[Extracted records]

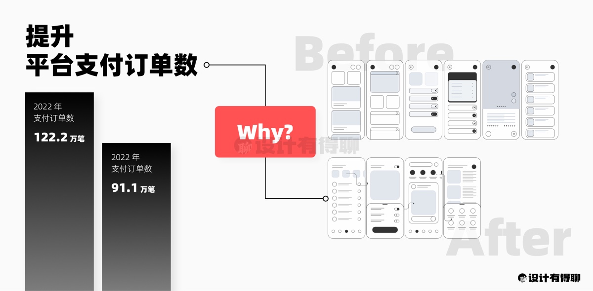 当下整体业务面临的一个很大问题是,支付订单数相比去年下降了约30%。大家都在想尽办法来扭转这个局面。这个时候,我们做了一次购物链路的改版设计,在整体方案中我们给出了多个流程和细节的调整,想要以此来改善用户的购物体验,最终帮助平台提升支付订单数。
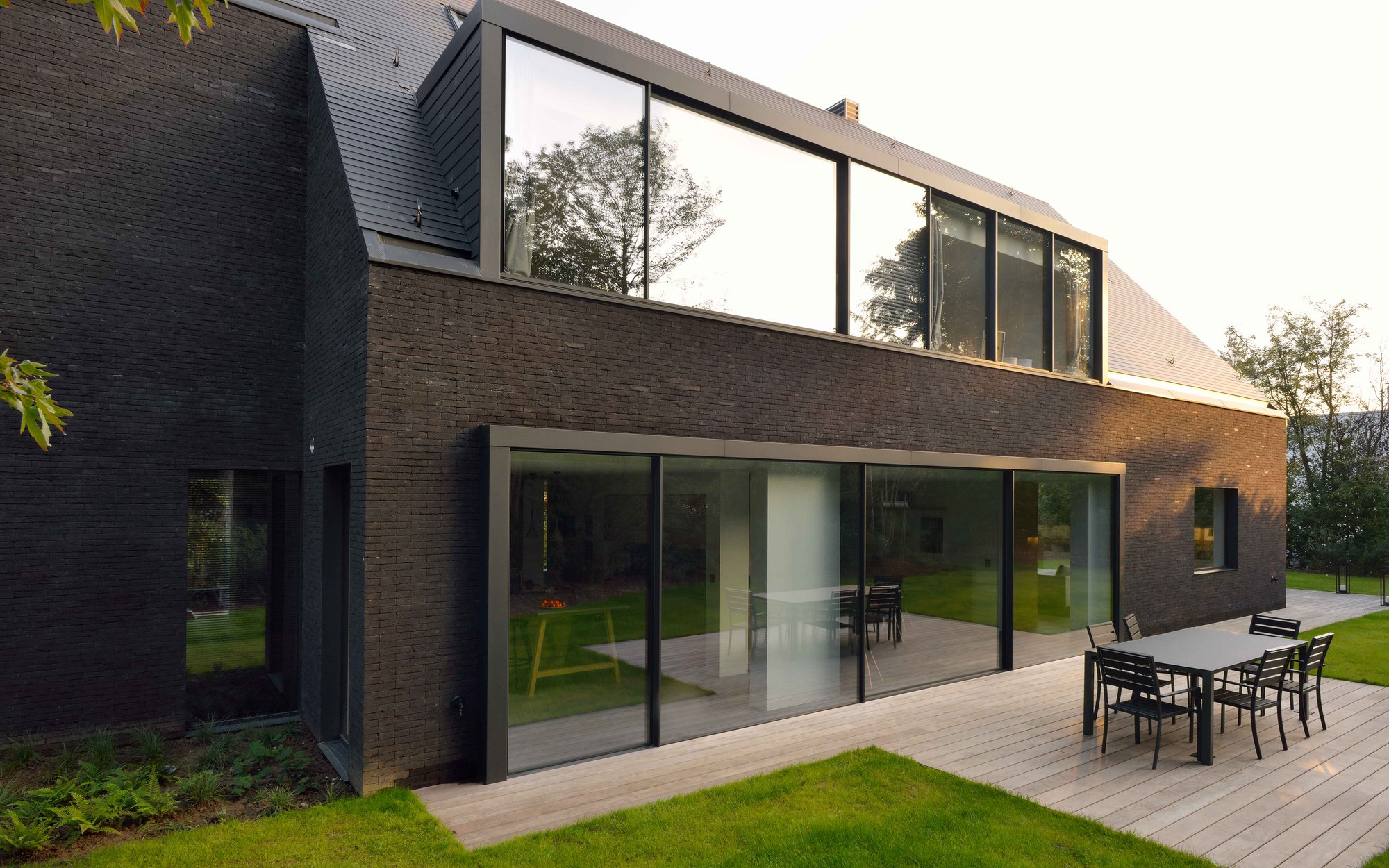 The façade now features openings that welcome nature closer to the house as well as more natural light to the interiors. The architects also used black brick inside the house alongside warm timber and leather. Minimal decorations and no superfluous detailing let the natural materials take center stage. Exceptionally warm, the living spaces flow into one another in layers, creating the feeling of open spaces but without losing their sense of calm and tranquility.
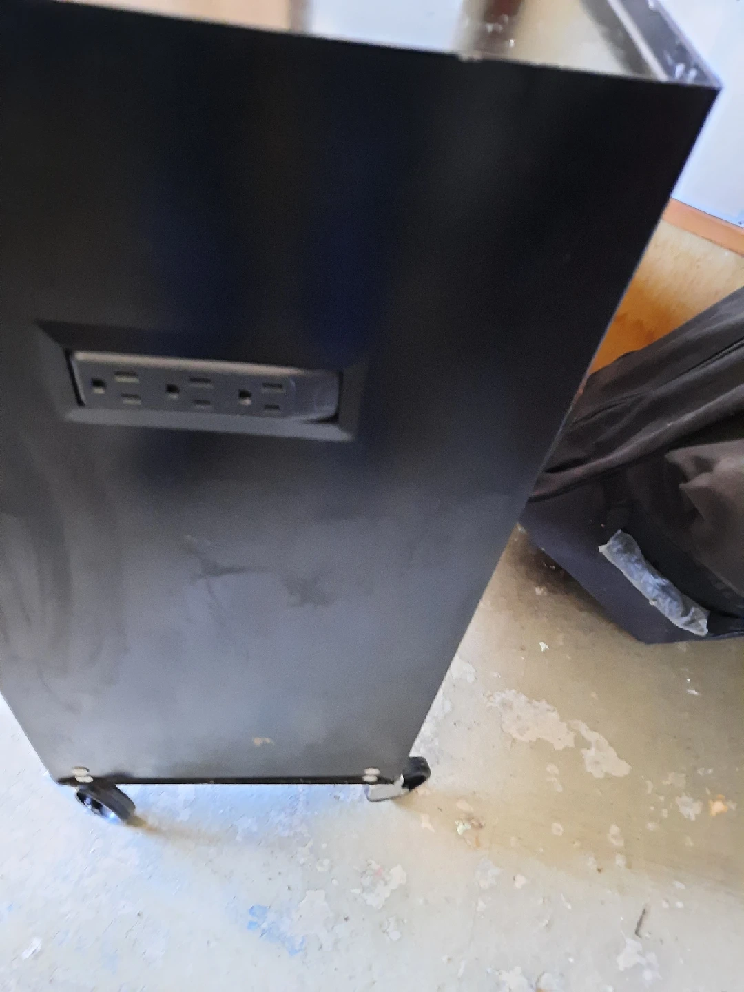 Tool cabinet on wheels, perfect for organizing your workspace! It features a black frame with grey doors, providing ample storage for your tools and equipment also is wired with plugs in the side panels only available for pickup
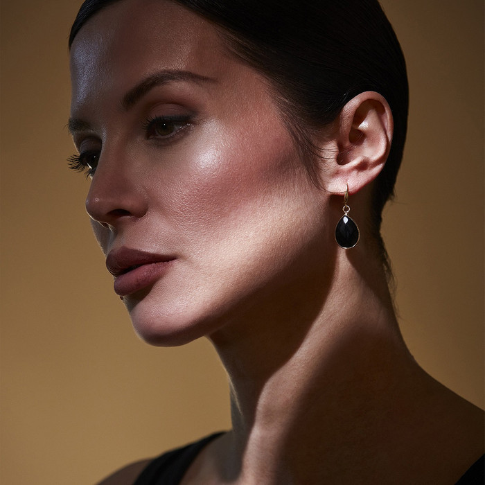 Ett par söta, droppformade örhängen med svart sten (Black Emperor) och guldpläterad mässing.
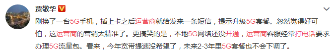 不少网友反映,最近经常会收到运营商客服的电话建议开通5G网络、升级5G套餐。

» **Your assignment**
When you reach the line with "Tool cabinet on" in the entries above, start copying, and go on word for word to the last line; skip any picture.

» **Written answer**
 Tool cabinet on wheels, perfect for organizing your workspace! It features a black frame with grey doors, providing ample storage for your tools and equipment also is wired with plugs in the side panels only available for pickup
 Ett par söta, droppformade örhängen med svart sten (Black Emperor) och guldpläterad mässing.
 不少网友反映,最近经常会收到运营商客服的电话建议开通5G网络、升级5G套餐。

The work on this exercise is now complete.